Welsh devolution is being betrayed, says Lord Elystan-Morgan
- Published
Wales needs the status of a dominion to safeguard its constitution, a former Labour UK government minister has said.
Lord Elystan-Morgan, who led the failed 1979 campaign for an assembly, said the Brexit bill and the Wales Act "betrayed" devolution.
Dominion status used to give parts of the British Empire - such as Australia and Canada - control over their own affairs in the early 20th Century.
He will speak at a pro-independence event staged by Labour members later.
But, speaking on BBC Radio Wales, the cross-bench peer who takes the Labour whip said independence was a "non-runner".
"I don't believe that independence is a reality in the modern world," he told the Good Morning Wales programme.

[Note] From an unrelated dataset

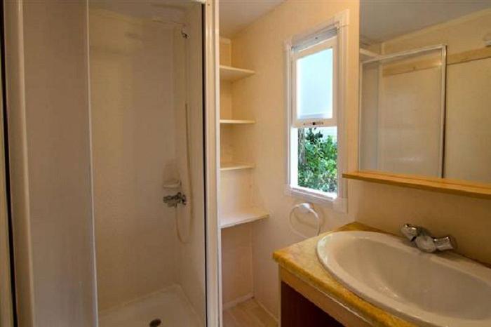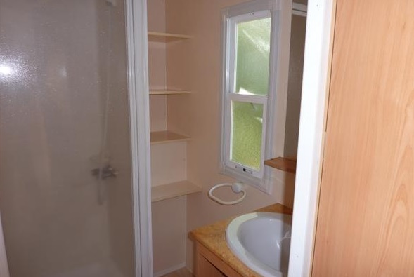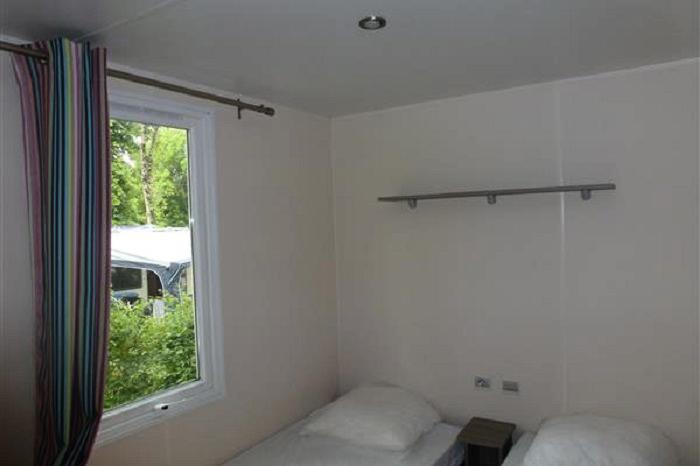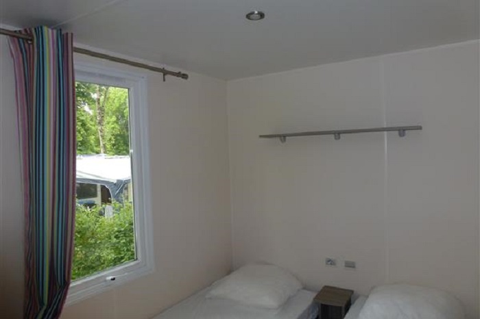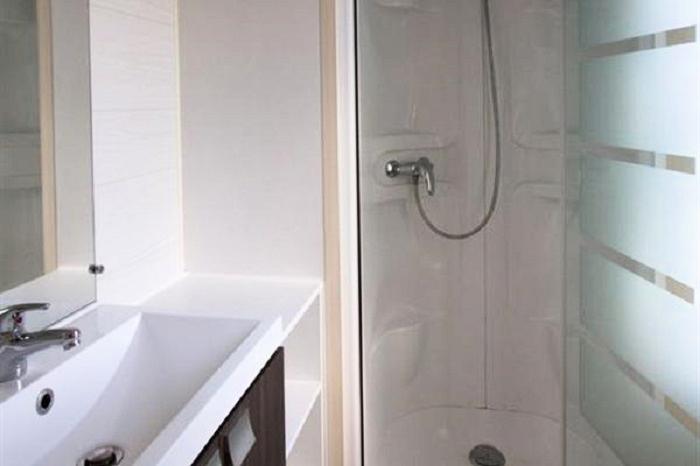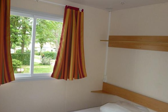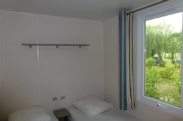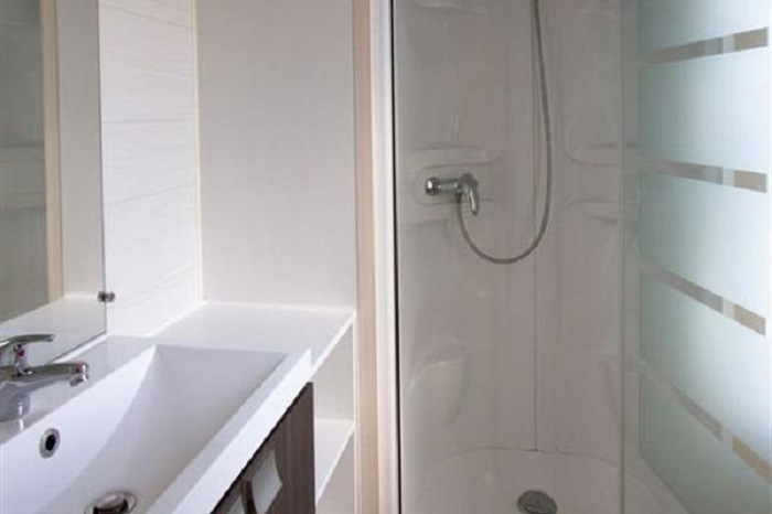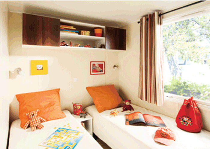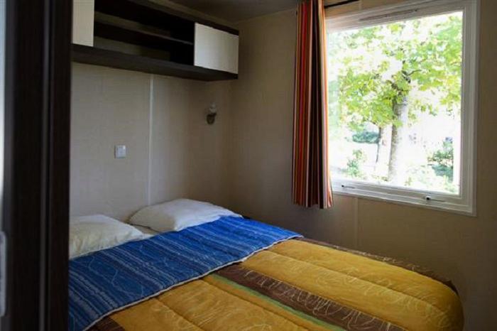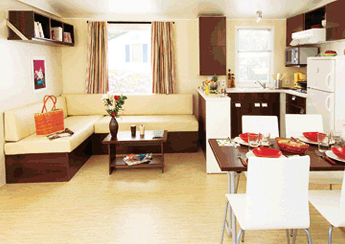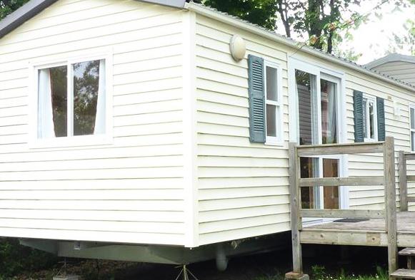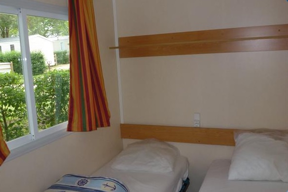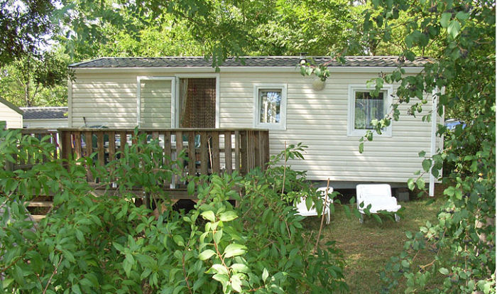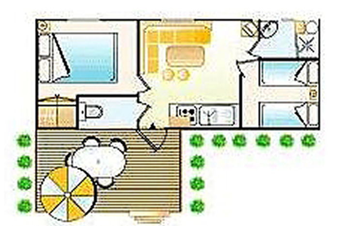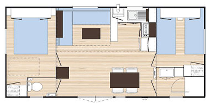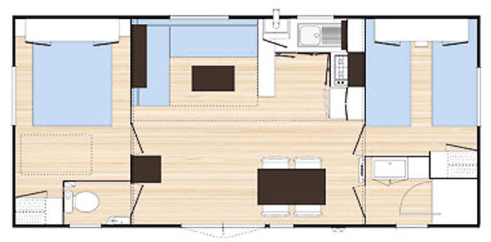 Mobil Home 4 personnes de 27m² composé d'un séjour-salon avec banquette et cuisine équipé, d'une chambre avec un lit double, d'une chambre avec 2 lits simples, d'une salle de bain avec cabine de douche et meuble lavabo, d'un WC indépendant et d'une terrasse en bois de 10m².

"Every sovereign country that has obligations towards other nations by way of agreement or otherwise is less than independent."
'Mockery'
Lord Elystan-Morgan said in Wales "devolution seems to have run into the sand".
"It is unlikely that we can rely upon devolution to give Wales those powers and functions that it needs as a nation, therefore we have to look beyond that," he said.

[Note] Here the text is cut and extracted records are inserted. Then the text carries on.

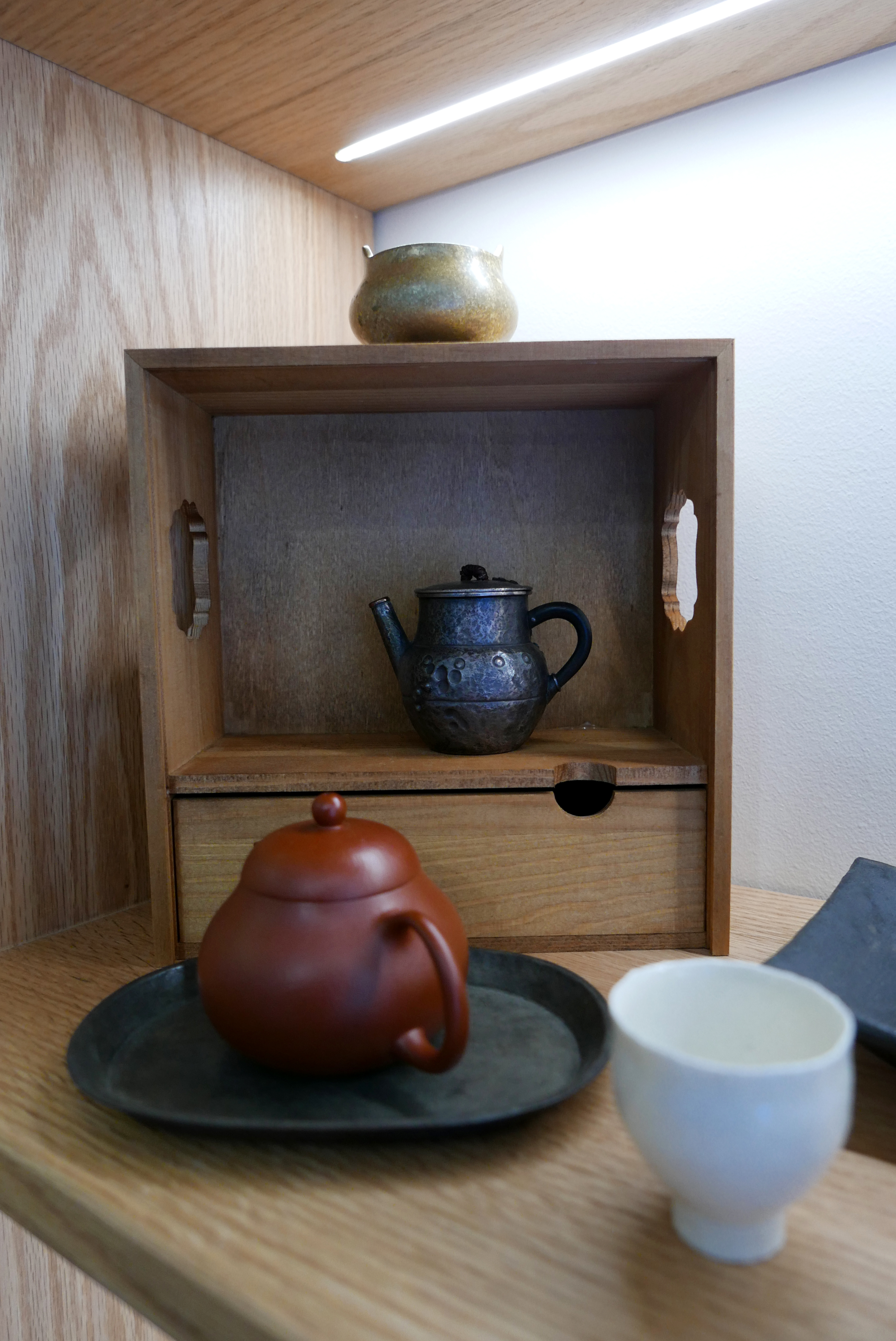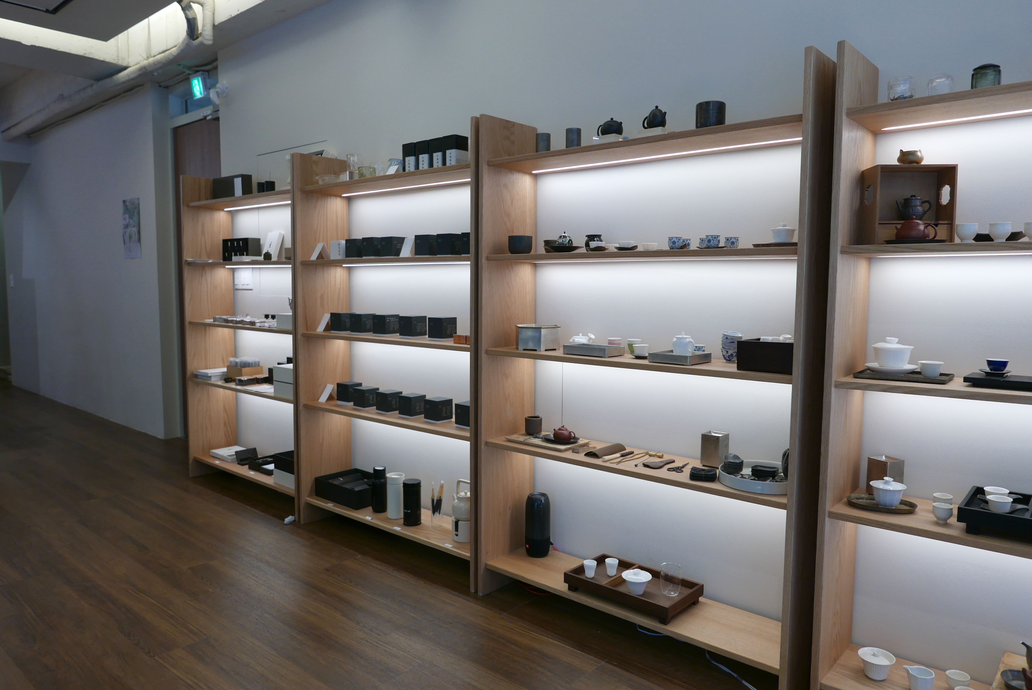 안으로 들어가면 티의 정갈함은 느낄 수 있고요. 한쪽에는 똑같은 수납장 4개에 온라인샵에서도 판매하고 있는 차, 차도구, 차도구, 인센스, 액세서리 등이 진열되어 있었어요.
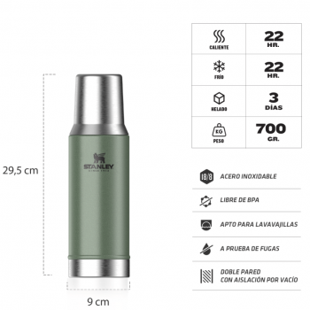 Conquista la naturaleza con nuestro clásico termo Stanley en verde, un símbolo de vitalidad y aventura. Su resistencia te acompaña en todas tus expediciones, asegurando que tus bebidas siempre estén listas para disfrutar.
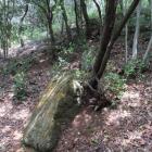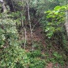 尾根の先端部は二ヵ所 二段にわたって石積で補強がしてあるようだった。先端は急峻で林業の人が足場を固めるために築いたのだろうか? だがこんな急なガケみたいな場所を通るのか? 武田方が築いたにしても、あまり武田軍が石垣を築いたというイメージは無い。
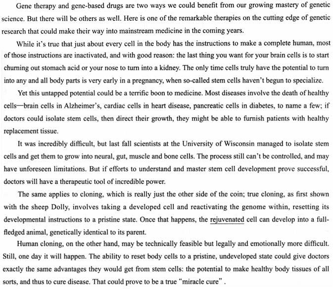 The writer holds that the potential to make healthy body tissues will( )A.aggravate moral issues of human cloning
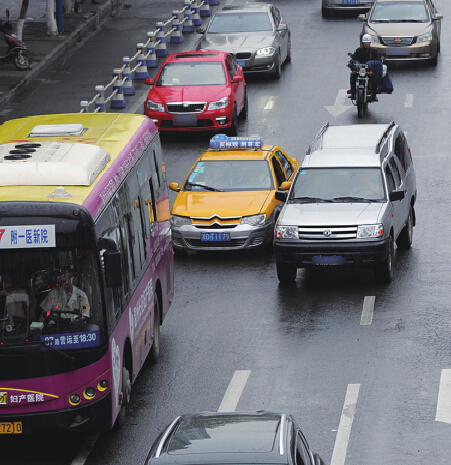 上周五下午3时20分~3时50分,记者站在南站天桥上目睹了27起车辆随意变道的交通违法行为,且90%的车辆变道时不开方向灯,直接压道路实线变道,在这27起中,公交车有2起,出租车8起。
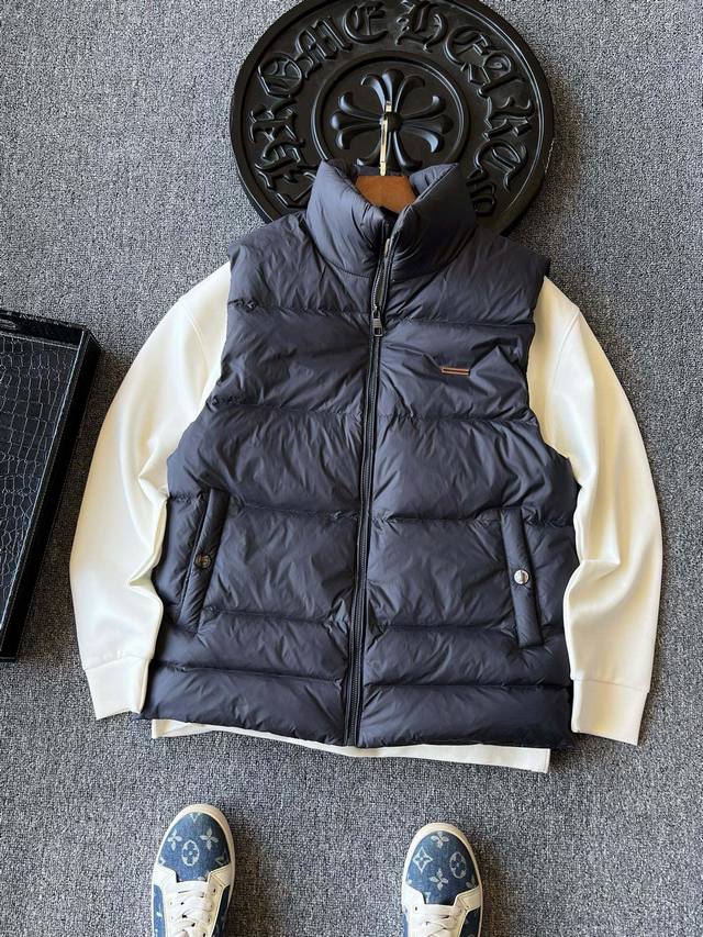 ! Zegna's new winter vest, pure white duck down from their boutique collection! Available at Henglong Plaza for around 10,000 RMB, style number: 9704. This Zegna vest uses 800D woven fabric, offering excellent windproof and some water-repellent properties. Its one-way breathability makes it extremely comfortable! The filling is pure 90% white duck down, with large feather clusters, each with exceptional loft. Pressed down, it slowly springs back to fullness
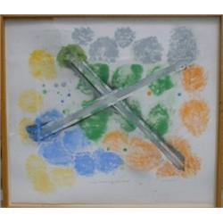 RONALD, William Smith, R.C.A., 1926-1998. "Mrs. Stickney's Orchard". Mélange sur lithographie. Signée, titrée et datée "81". Mixed media on lithograph. Signed, titled and dated "81". 30" x 34" - 76.2cm x 86.4cm. $800/1200

"I'm thinking myself in terms of dominion status - some form of constitutional identity that would safeguard the position for Wales."
The peer said the Wales Act - which ushered in the "reserved powers" model - made the idea of devolution "a mockery" and "rubs our noses in it that we are something of a colonial status".
"The concept of a reserve constitution is that you transfer everything to the devolved parliament save a few pillars that remain with the sovereign authority," he said.
"But in this case there were 197 reservations including the most trivial things imaginable."
The Wales Act gave the assembly new powers over income tax, transport, energy, and its own elections.
The UK government said it would provide a lasting devolution settlement.
However, its planned Brexit legislation has been criticised by First Minister Carwyn Jones as a "naked power-grab" of European Union responsibilities which he claims ought to revert to Wales.
Dominion status was granted at first to countries such as Australia, Canada and New Zealand, followed later by others including India and Pakistan.
The term - which denoted countries that were effectively independent but who were still allied to the crown - fell out of use by the 1950s.
The predecessor to the Republic of Ireland - the Irish Free State - was a dominion from 1922 to 1949.
Lord Elystan-Morgan is one of several speakers at the Labour for an Independent Wales event in Carmarthen on Friday.
Ben Gwalchmai, one of the group's founder members, said: "The threat of Brexit, and the intransigence of the British state in face of austerity, insecurity and a lurch to the right has left us in a situation where we must consider all our options."
Swansea East AM Mike Hedges will also speak, but has said he does not himself back independence for Wales.